**Material provided**.
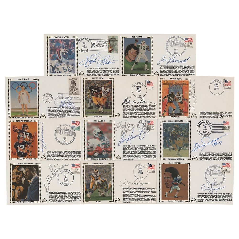 Eleven Gateway covers with silk color cachets honoring football greats and events, each signed in ink by one or more legends. Signers are: Walter Payton, Joe Namath, Eric Dickerson, John Elway, Terry Bradshaw (2), Franco Harris, Dan Marino and Mark Clayton, Eddie Robinson, O. J. Simpson, and Vince Ferragamo. In overall fine condition.
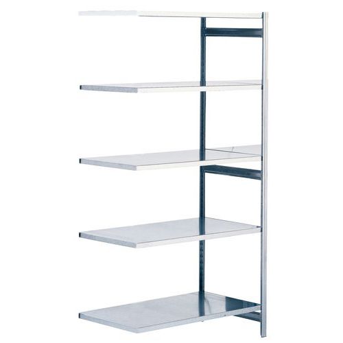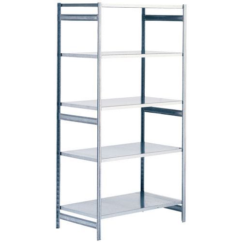 Scaffalatura industriale leggera con finitura zincata, robusta. Struttura aerata con spalle aperte sui lati. In acciaio inossidabile, ideale per ambienti umidi. Facile estensione con l'aggiunta di 1 o più elementi successivi. Finitura galvanizzata ideale per ambienti umidi ed esterni.
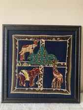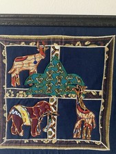 Antique Rare African Art Embroidered Fabric Wall Animals Handmade Custom Framed
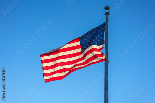 © nd700, Fototapeta premium waving USA flag on pole against blue sky

**Task goal**. Restate the material above word for word; pictures do not belong in the copy.

**Solved exercise**.
 Eleven Gateway covers with silk color cachets honoring football greats and events, each signed in ink by one or more legends. Signers are: Walter Payton, Joe Namath, Eric Dickerson, John Elway, Terry Bradshaw (2), Franco Harris, Dan Marino and Mark Clayton, Eddie Robinson, O. J. Simpson, and Vince Ferragamo. In overall fine condition.
 Scaffalatura industriale leggera con finitura zincata, robusta. Struttura aerata con spalle aperte sui lati. In acciaio inossidabile, ideale per ambienti umidi. Facile estensione con l'aggiunta di 1 o più elementi successivi. Finitura galvanizzata ideale per ambienti umidi ed esterni.
 Antique Rare African Art Embroidered Fabric Wall Animals Handmade Custom Framed
 © nd700, Fototapeta premium waving USA flag on pole against blue sky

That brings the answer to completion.